It is also still popular for the guys with homebrew Linux CNC controllers, like many of the supported Mach3 control boards.
USB is just too unreliable.
https://www.geckodrive.com/g540.html


----------



## cynwulf (Jul 6, 2018)

RS232 is far from dead.  Barcode printers / POS still relies on it.  The parallel port has started to disappear there though.

I still use it at work, have tons of straight through and crossover cables, gender changers, both 9 and 25 pin and a lot of the USB -> RS232 controllers still hanging around and in use.


----------



## ronaldlees (Jul 6, 2018)

cynwulf said:


> RS232 is far from dead.  Barcode printers / POS still relies on it.  The parallel port has started to disappear there though.
> 
> I still use it at work, have tons of straight through and crossover cables, gender changers, both 9 and 25 pin and a lot of the USB -> RS232 controllers still hanging around and in use.

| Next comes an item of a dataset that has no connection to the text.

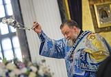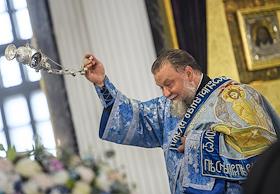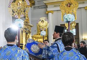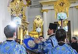 Праздник явления иконы Пресвятой Богородицы во граде Казани. Божественная литургия после Крестного хода с Казанской иконой Божией Матери. Священнослужители во время богослужения.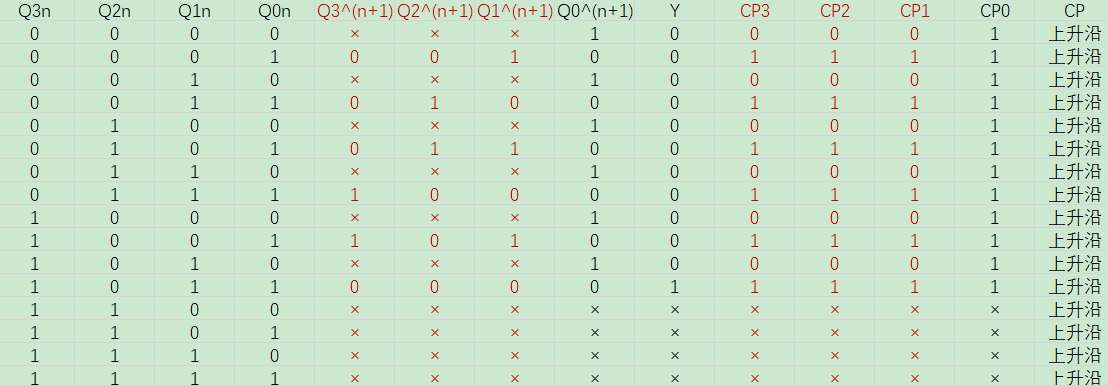 (4)根据"CP=0的次态用×代替"这一原则, 再次修改状态表:

Good riddance to that parallel port: those big ugly cables are even uglier than my little ugly cables, which are ugly enough.  I do have one old HP5L printer that simply refuses to die, and it needs that type of cable.  I have only one PC (an oldie) that can service the printer.  When it dies, I guess they go as a combo to the bin.


----------



## Nicola Mingotti (Jul 6, 2018)

In my opinion the serial is still the most usefull port for troubleshooting. I hope it will fade away in a distant future. I use it constantly for the following:

1] BeagleBones
2] access network servers which are misbehaving (well, often i misbehaved
writing the pf.conf)

Then, other less frequent stuff:

*] A couple of days ago I helped troubleshoot a large automatic machinery named Amada. There, the main PLC comunicates with 2 desktops via serial.

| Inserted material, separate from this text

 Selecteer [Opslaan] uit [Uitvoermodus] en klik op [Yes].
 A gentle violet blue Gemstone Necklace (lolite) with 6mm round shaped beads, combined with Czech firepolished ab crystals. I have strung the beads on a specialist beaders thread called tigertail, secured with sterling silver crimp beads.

*] If i remember well when i was sysadmin we were configuring the Cisco(s) via serial.
Also, all computer in the PCFarm where cabled via serial to a central switch. (I admit that thing was really cranky).  

Bye


----------



## fernandel (Jul 6, 2018)

ShelLuser said:


> I've operated a BBS for a long time _and_ I enjoyed tinkering. From the top of your head eh? Well, I can do one "lower leveled": Tx / Rx (transmit/receive), carrier detect, data ready, request to send, the minus & ground pins (I think we had ground too) and almost forgot: clear to send.
> 
> Hmm, reminds me of Terminate. We had several very nice serial console programs, I had a favorite which name I now totally forgot, but then came Terminate (so I think)...
> 
> Ok, this is the part where I cheated (Wikipedia) but I found it!  It was ProComm which I really enjoyed to use but then I discovered Terminate which _completely_ changed the way I worked with BBS systems.



...and I was a user of few of them. I had this time OS2 on my 286 with 2MB of RAM and 50 MB Quantum HD . And StarrOffice was the office...
Many times I downloaded updates fot OS.
Tempi passati


----------